SAN FRANCISCO — Earth imaging company UrtheCast laid off 12 members of its San Francisco-based platform and data analytics team July 1 and offered three additional employees the option to remain with the company but work remotely, according to former UrtheCast employees.
Jeff Rath, UrtheCast executive vice president for corporate finance and strategy, confirmed that the Vancouver-based company did “reduce its San Francisco footprint” and “let a few employees go” but he denied reports that the firm closed its San Francisco office and declined to comment on the number of workers affected, saying the company does not publicize personnel decisions.
In a July 1 blog post, UrtheCast spokeswoman Theras Wood hinted that the firm was scaling back its operations in San Francisco and consolidating its software engineering workforce in Vancouver.
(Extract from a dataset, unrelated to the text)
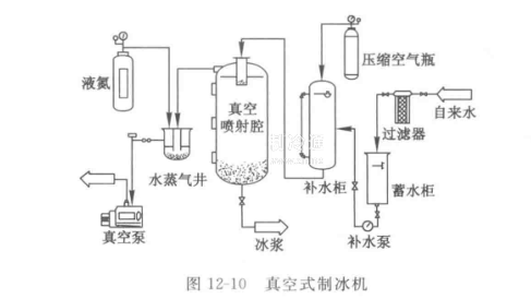真空制取冰漿的裝置如圖12-10所示,包括真空霧化腔室、供水系統和抽真空系統。真空式制冰機將水霧化噴入真空絕熱腔室,在水滴表面形成的水蒸氣被連續地抽出。水蒸氣從水滴中吸收蒸發潛熱,從而使水滴溫度平穩地下降,直至水滴形成冰晶。冰漿的IPF可通過改變真空腔室的真空度和噴嘴的數目實現,霧化噴嘴平均直徑為50 um,噴射角為60°,在噴射壓力為810 kPa下的噴射流量為2-10 L/h,真空腔室高1.33m,以致水滴在腔室內停留的時間不超過0.002 s,制冰所用的水為含7%乙烯的乙二醇水溶液。

“With the operations and development of the UrthePlatform and UrtheCast’s other products and services now strategically aligned and closely integrated, our UrthePlatform team is now being led from, and largely based in, Vancouver,” Wood wrote. “This integrated team, which will continue to include a presence in the San Francisco Bay Area, will further improve the UrthePlatform by adding new functionalities and datasets to help our customers extract and tap the true potential of this growing data repository.”
Overall, the company continues to grow in terms of revenues, employees and products offered, Rath said. Since UrtheCast was established in 2012, its staff of five has grown to include approximately 250 employees.
Meanwhile, its business changed from streaming data from cameras mounted on the International Space Station to creating a cloud-based platform to aggregate and disseminate Earth imagery captured by its own space-based cameras and those of other government and commercial satellite operators.
In addition to signaling changes in its San Francisco office, Wood’s July 1 blog post said UrtheCast will soon incorporate imagery from the European Space Agency’s Sentinel-2 land-monitoring constellation and from the high-resolution Deimos-2 satellite. Last year, UrtheCast acquired the Deimos constellation from Elecnor, S.A.